Another way would be to wire up an inverting op-amp with a pot in the feedback loop.  The pot is set up to totally short out at one end and its resistance increases as you turn it.  Make the pot equal to the input resistor.  Set your LFO to swing around a mid-supply axis (or a couple of diode drops higher if you use CMOS output amps).

http://cache.national.com/ds/LM/LM13700.pdf

your circuit might look similar to fig.2 & 5 ?
(probably modified for Ub=9V)

gez: I can`t remember what you`re referring to - maybe later...

Quote from: puretube
gez: I can`t remember what you`re referring to - maybe later...

Ton, it was a hand-drawn schematic you drew up for Brian.

Apologies that this thread is a bit random. it no longer relates to 386's, more the amplitude of the dual op-amp lfo.  I think I was thinking out loud and have ended up going deeper into the operation of the circuit than i'd expected was required. However its been very helpful.

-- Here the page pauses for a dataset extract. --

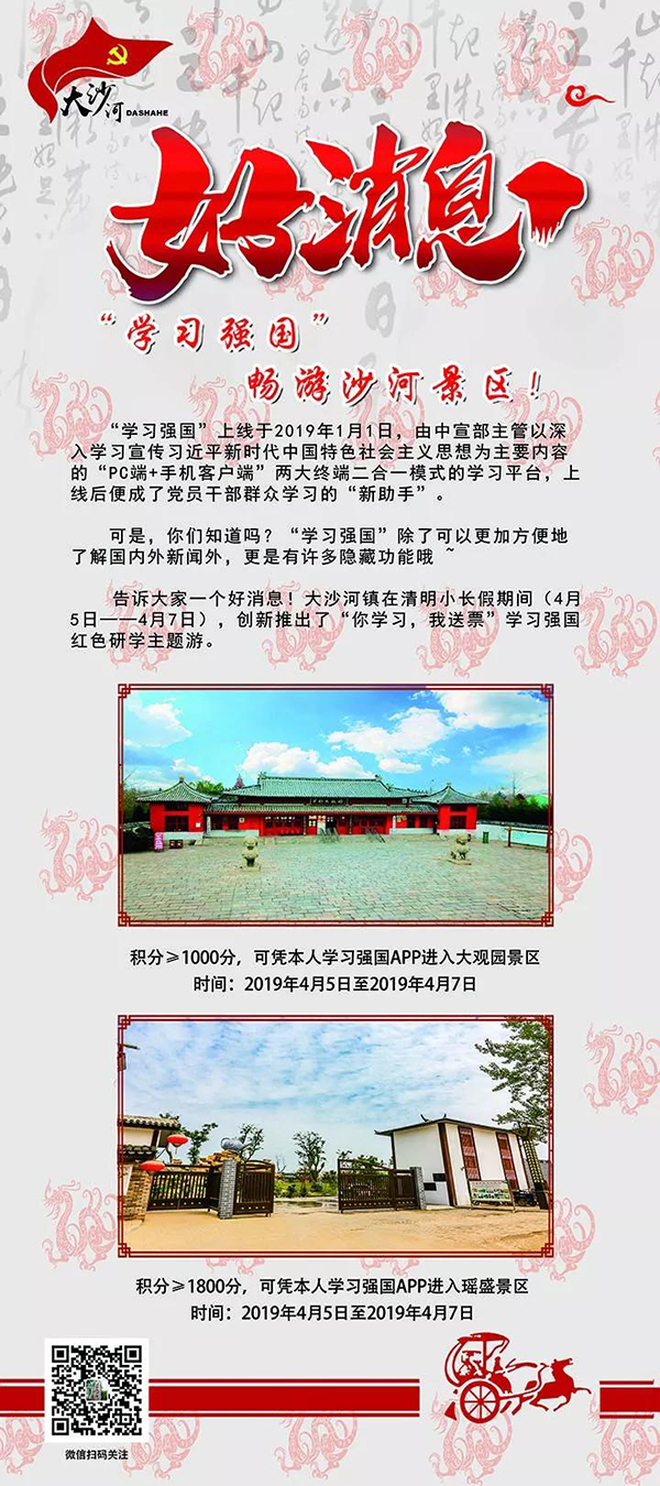 在清明小長(zhǎng)假期間(45—47日),大沙河鎮(zhèn)創(chuàng)新推出你學(xué)習(xí),我送票學(xué)習(xí)強(qiáng)國(guó)紅色研學(xué)主題游活動(dòng)!

puretube: my circuit does look similar to Figure 5.  Im happy that the LM13700N works now, its more the output of the LFO that concerns me. That datasheet is pretty helpful though.

Gez: I used your suggestion of an inverting opamp biased at the half-voltage, and a pot in the feedback loop for the depth control.  The oscillator is set at the half voltage too.  Incidentally, I used an op-amp because I tried to do a depth control similar to that in the Zombie Chorus, with a pot tied to 4.5V(half supply) at one end.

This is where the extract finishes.